Re: index prefetching

From: Nazir Bilal Yavuz <byavuz81(at)gmail(dot)com>
To: Thomas Munro <thomas(dot)munro(at)gmail(dot)com>
Cc: Tomas Vondra <tomas(at)vondra(dot)me>, Peter Geoghegan <pg(at)bowt(dot)ie>, Andres Freund <andres(at)anarazel(dot)de>, Robert Haas <robertmhaas(at)gmail(dot)com>, Melanie Plageman <melanieplageman(at)gmail(dot)com>, PostgreSQL Hackers <pgsql-hackers(at)lists(dot)postgresql(dot)org>, Georgios <gkokolatos(at)protonmail(dot)com>, Konstantin Knizhnik <knizhnik(at)garret(dot)ru>, Dilip Kumar <dilipbalaut(at)gmail(dot)com>
Subject: Re: index prefetching
Date: 2025-07-21 06:53:45
Message-ID: CAN55FZ0y57uEK+Ts8s3NV9Gyg=YiAV-y610XJpfS+jdCh_7f5g@mail.gmail.com
Views: Whole Thread | Raw Message | Download mbox | Resend email
Thread:
Lists: pgsql-hackers

Hi,

On Mon, 21 Jul 2025 at 03:59, Thomas Munro <thomas(dot)munro(at)gmail(dot)com> wrote:
>
> On Sun, Jul 20, 2025 at 1:07 AM Thomas Munro <thomas(dot)munro(at)gmail(dot)com> wrote:
> > On Sat, Jul 19, 2025 at 11:23 PM Tomas Vondra <tomas(at)vondra(dot)me> wrote:
> > > The thing that however concerns me is that what I observed was not the
> > > distance getting reset to 1, and then ramping up.
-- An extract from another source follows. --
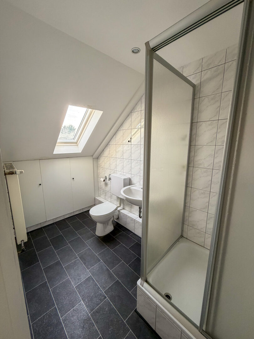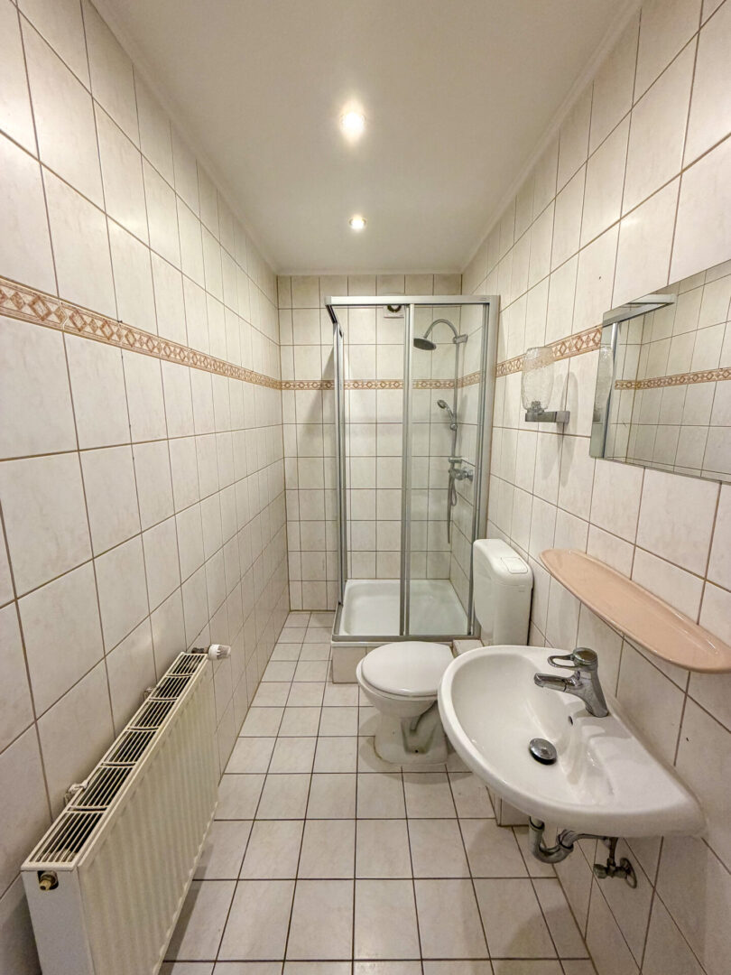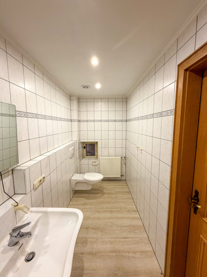 - 2 Bäder, deckenhoch hell gefliest, mit Vinylboden im DG und Fliesenboden im OG und Dusche

Which should happen
> > > pretty quickly, thanks to the doubling. In my experiments it *never*
> > > ramped up again, it stayed at 1. I still don't quite understand why.
> >
> > Huh. Will look into that on Monday.
>
> I suspect that it might be working as designed, but suffering from a
> bit of a weakness in the distance control algorithm, which I described
> in another thread[1]. In short, the simple minded algorithm that
> doubles on miss and subtracts one on hit can get stuck alternating
> between 1 and 2 if you hit certain patterns. Bilal pinged me off-list
> to say that he'd repro'd something like your test case and that's what
> seemed to be happening, anyway? I will dig out my experimental
> patches that tried different adjustments to escape from that state....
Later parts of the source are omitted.